Inspired By The Ideas Of Werner Erhard

And More


Setting Up For The Rapids

Fantesca Estate, Spring Mountain Road, Napa Valley, California, USA

August 21, 2021

"I would rather be ashes than dust! I would rather that my spark should burn out in a brilliant blaze than it should be stifled by dry rot. I would rather be a superb meteor, every atom of me in magnificent glow, than a sleepy and permanent planet. The function of man is to live, not to exist. I shall not waste my days trying to prolong them. I shall use my time."
... Jack London

"Call me Ishmael."
... Herman Melville's opening line of Moby Dick

"Call me Trimtab."
... Richard Buckminster "Bucky" Fuller speaking with Werner Erhard during the A Shot Heard 'Round The World event
This essay, Setting Up For The Rapids, is the fifth in a sextet conceived during my second sabbatical:
  1. Sabbatical II (Beginning)
  2. Silence And Nothing
  3. Sabbatical II (Middle)
  4. Full Self-Expression: Demonstration II
  5. Setting Up For The Rapids
  6. Sabbatical II (End)
in that order.

I am indebted to Bruce Preville who inspired this conversation and contributed material.

Transformation doesn't make life better. You were hoping it would? Too bad. Sorry about that. Holding transformation in the same philosophical framework as we hold all those other disciplines ie as we hold all those other intersections  (as Professor William Warren "Bill" Bartley III, Werner's official biographer, may have called them) which purport to make life better, is to be unclear on the concept. No, transformation doesn't make life better (really it doesn't). Transformation makes life the way it is  (and the way it isn't).

When I relate to life the way it is (that is to say when I relate to my life the way it is, and to Life itself  the way it is, and not to the way I'd like them to be), what becomes obvious is things are more likely to work. When I relate to my car as if it's a car, it's more likely to work than if I relate to it as if it's a canoe and attempt to navigate rapids with it - which will surely put a damper (pun intended) on its workability. A car is the appropriate vehicle for driving on a road. A canoe is the appropriate vehicle for navigating rapids. Relating to my car as a canoe won't make it work in a river navigating rapids. Transformation is relating to a car as a car, not as a canoe. Corollary: transformation forwards workability  regardless of the vehicle (and workability doesn't necessarily live in the realm of making things better).

At some point in the rigorous inquiry that gives access to transformation, I realized that in spite of all my penchants and predilections to the contrary, none of this is personal. Whether I like it or not, my life is swept along inexorably by a river which will eventually, sooner or later, time and again, go through rapids. It's as ongoing as it's immediate. There's nothing I can do to avoid them.
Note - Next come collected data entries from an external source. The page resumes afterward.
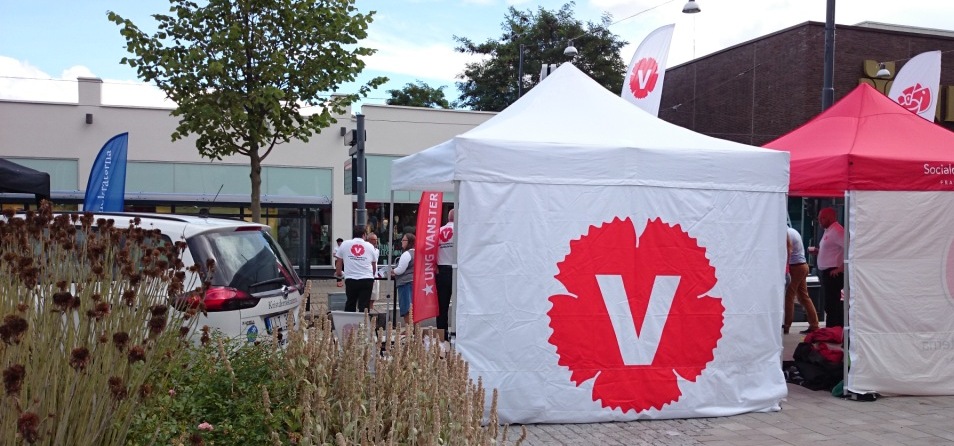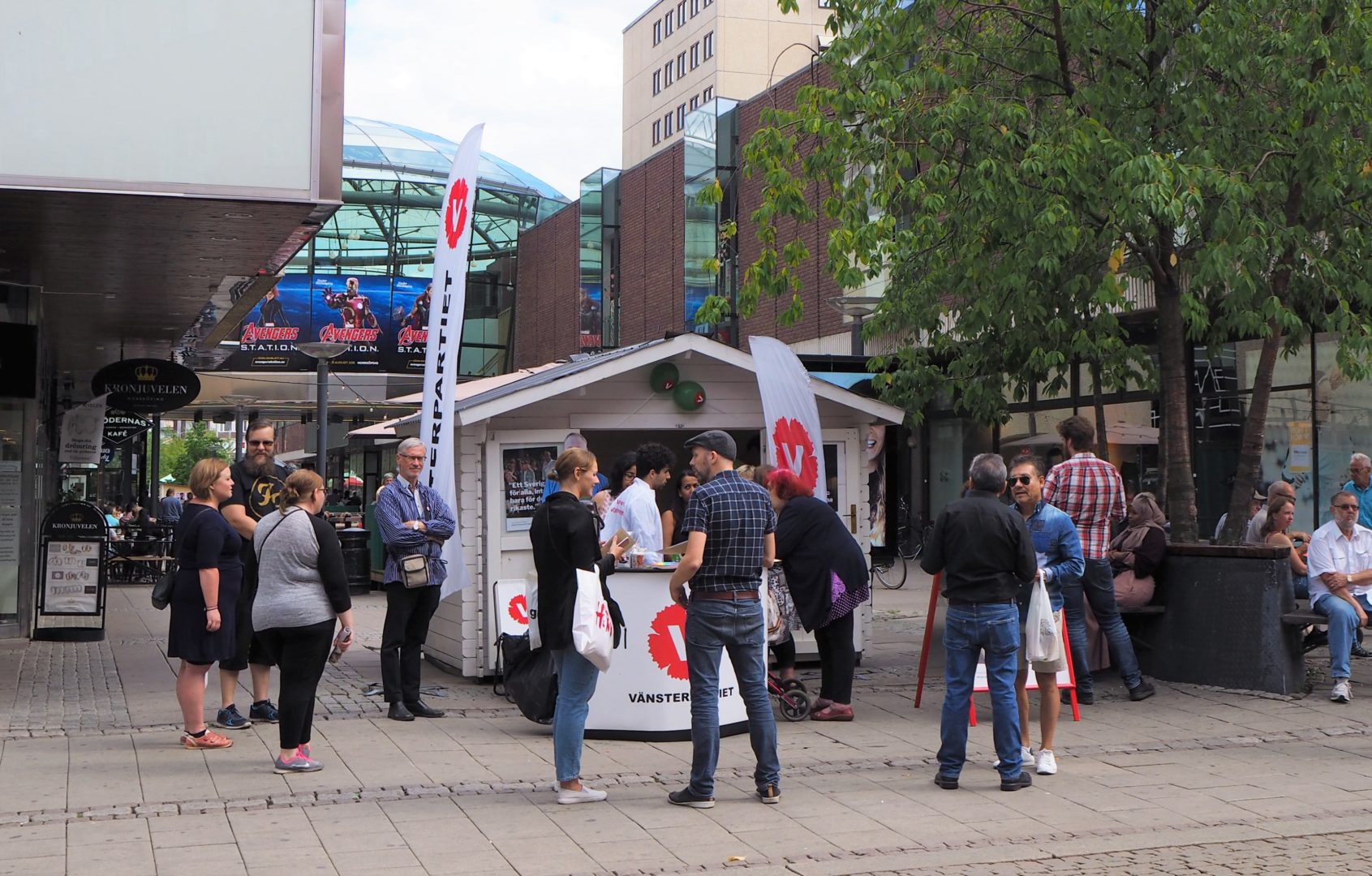 Valstugan står på Drottninggatan precis utanför HM. Den kommer att vara öppen under dagtid varje dag fram till valet den 9 september. Alla intresserade är välkomna, för att få information om Vänsterpartiet och för en pratstund.
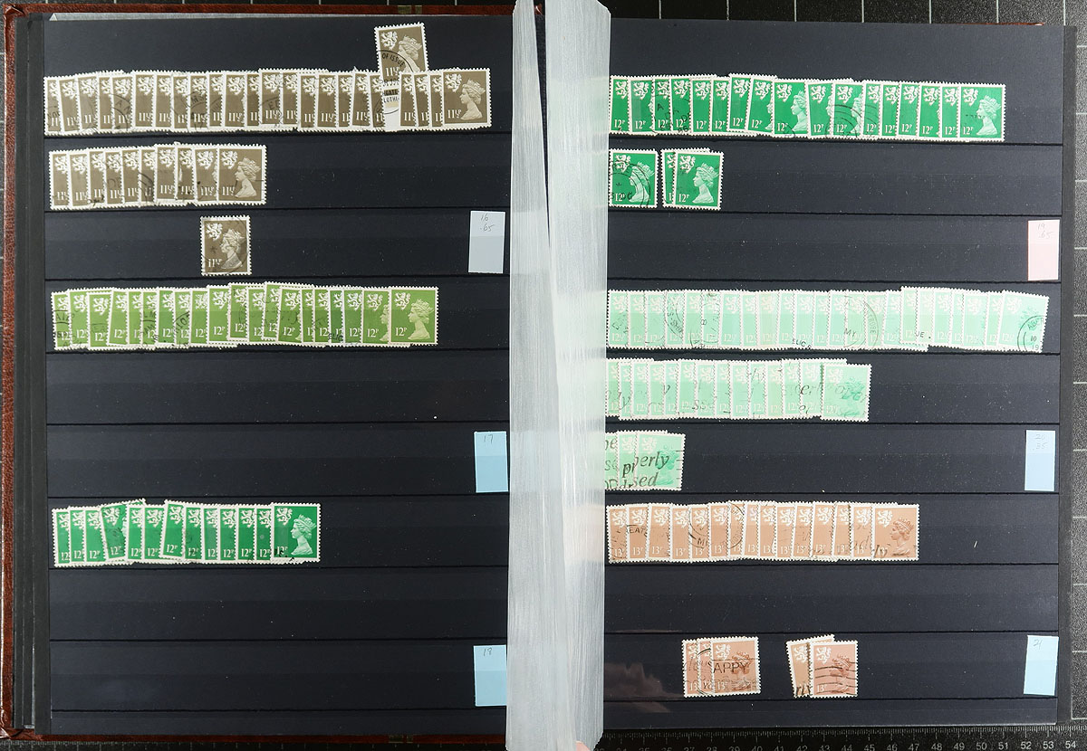 Scottish regional Machin stock half filling a 64-black page Uni-Safe stockbook with a red-brown cover. Very full coverage of 1971-2000, missing only a few (mostly later issues), and including different die types, perforation and colour variants. Most are in the range of 3-30 of a type. There are four copies of #SMH42a (x3), #SMH52a (x2 cat $175.00 each), #SMH62a (x20) plus a number have individual catalogue values up to $10.00 a stamp. Clean, nicely laid out, identified by "MH" numbers. Estimate =
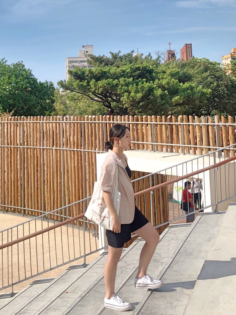 ブラック系のスラックス、ホワイト系のシューズを着用したレディースの夏コーディネートの1枚目の写真

Yet even though I can't avoid them, what I can  do when I'm in the river headed for rapids, is paddle (or row, or swim) into the optimum spot I can put myself in, for when it inevitably goes through rapids ... and then let go / surrender to the river's direction and power.

To be sure, sooner or later we discover there are ways to go through rapids which don't work (eg resisting), and there are ways to go through rapids that work (eg surrendering) even when (ie especially  when) going through them isn't avoidable (in this regard, once I entertained the possibility that it's not personal, it got easier).

What I mean by paddling into the optimum spot in the river I can put myself in, for when it inevitably does go through rapids, is one, recontextualizing (I love  that word) who we hold ourselves out to be, and two, maintaining integrity. That's all of what setting up for the rapids  calls for! And after setting up that way, let the river / life take its course (and it will: it turns out the way it turns out anyway). In this analogy, transformation is the technology for paddling into the optimal spot in the river, in readiness for when we inevitably do go through rapids. So I eschew  saying transformation will make life "better" - rather it allows for the possibility of life working with less stress, less effort, and less struggle (a list from which "better" is intentionally absent, having neither the transformational leverage nor the access).

And now I'm a not-so-spring-chicken  at 71, and it's a canoe I'm sitting in not a car, and I'm in the river, bound for rapids. I can sit here, exactly where I am, not be responsible, and be swept through rapids even if I resist, stress, effort, and struggle, and all the while opining about how unfair  the entire process is, and in spite of all my hopes and desires to the contrary, eventually get inserted  into a rock or three ... OR  ... noticing the imminent, upcoming rapids, I can dip my paddle into the river just so, putting my canoe in the optimal spot in the river, thereby facilitating ease, mastery, and grace in the inexorably rushing rapids and maelstroms  ahead.